BOALEMO – Wakil Bupati Boalemo, Lahmuddin Hambali, membuka kegiatan Coaching Clinic Penyusunan Aset Desa Berbasis Aplikasi Sistem Pengelolaan Aset Desa (SIPADES) Versi 3.0 bagi pemerintah desa se-Kabupaten Boalemo. Kegiatan tersebut berlangsung di Cabana Resto, Kecamatan Botumoito, Rabu (17/6/2026).
Kegiatan ini digelar sebagai upaya meningkatkan kapasitas aparatur desa dalam pengelolaan aset desa yang tertib administrasi, transparan, akuntabel, dan sesuai dengan ketentuan peraturan perundang-undangan yang berlaku.
Dalam sambutannya yang dibacakan pada pembukaan kegiatan, Wakil Bupati menegaskan bahwa lahirnya Undang-Undang Nomor 6 Tahun 2014 tentang Desa telah membawa harapan baru bagi proses transformasi pembangunan desa. Undang-undang tersebut mendorong prakarsa, partisipasi masyarakat, serta pengembangan potensi dan aset desa untuk meningkatkan kesejahteraan masyarakat.
“Pengelolaan aset desa bertujuan untuk mengamankan kekayaan milik desa, menciptakan tertib administrasi, memberikan kepastian hukum, mencegah penyalahgunaan aset, mengoptimalkan pemanfaatan aset untuk pelayanan publik, serta meningkatkan pendapatan asli desa,” ujarnya.
Menurutnya, posisi desa dalam sistem pemerintahan sangat strategis. Karena itu, kebijakan yang telah diterbitkan pemerintah harus diikuti dengan langkah-langkah konkret agar mampu memperkuat tata kelola pemerintahan desa yang profesional dan bertanggung jawab.
Wabup juga menjelaskan bahwa pengelolaan aset desa saat ini telah menggunakan Aplikasi SIPADES Versi 3.0 yang terintegrasi dan dapat dipantau langsung oleh Kementerian Dalam Negeri Republik Indonesia.
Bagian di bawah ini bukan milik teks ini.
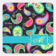 Black Turquoise Modern Paisley Pattern Monogram Square Sticker
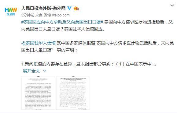 泰国驻华大使馆就中国多家媒体报道“泰国向中方请求医疗物质援助后,又向美国出口大量口罩”一事发布声明:
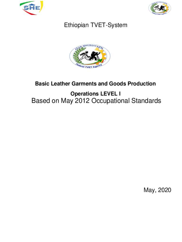 Ethiopian TVETSystemBasic Leather Garments and Goods Production Operations LEVEL Based on May 2012 Occupational Standards May, 2020Module Title: Applying Quality Standards TTL Code: IND BLG1 M10 TTL

Sistem tersebut menjadi instrumen penting dalam mendukung administrasi dan inventarisasi barang milik desa secara cepat, tepat, dan akurat.
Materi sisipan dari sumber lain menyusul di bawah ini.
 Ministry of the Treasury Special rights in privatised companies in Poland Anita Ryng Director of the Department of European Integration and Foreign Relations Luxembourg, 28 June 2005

“Dengan SIPADES 3.0, data dan informasi terkait aset desa dapat diakses secara lebih mudah sehingga mendukung efektivitas, efisiensi, serta akuntabilitas pengelolaan aset desa,” katanya.
Ia menambahkan, berdasarkan ketentuan Permendagri Nomor 1 Tahun 2016, pengelolaan aset desa mencakup seluruh tahapan mulai dari perencanaan, pengadaan, penggunaan, pemanfaatan, pengamanan, pemeliharaan, penghapusan, pemindahtanganan, penatausahaan, pelaporan hingga pengawasan.
Oleh karena itu, seluruh peserta diharapkan dapat mengikuti kegiatan dengan sungguh-sungguh agar ilmu yang diperoleh dapat diterapkan secara optimal di desa masing-masing.
“Implementasi SIPADES 3.0 diharapkan mampu mencegah terjadinya penyimpangan sekaligus mewujudkan efektivitas, efisiensi, akuntabilitas, dan transparansi pengelolaan aset desa guna membangun tata kelola pemerintahan yang melayani, sederhana, dan bertanggung jawab,” tegasnya.
Kegiatan Coaching Clinic tersebut diikuti oleh para kepala desa, sekretaris desa, kaur umum dan tata usaha, serta aparatur yang bertanggung jawab terhadap pengelolaan aset desa di seluruh wilayah Kabupaten Boalemo.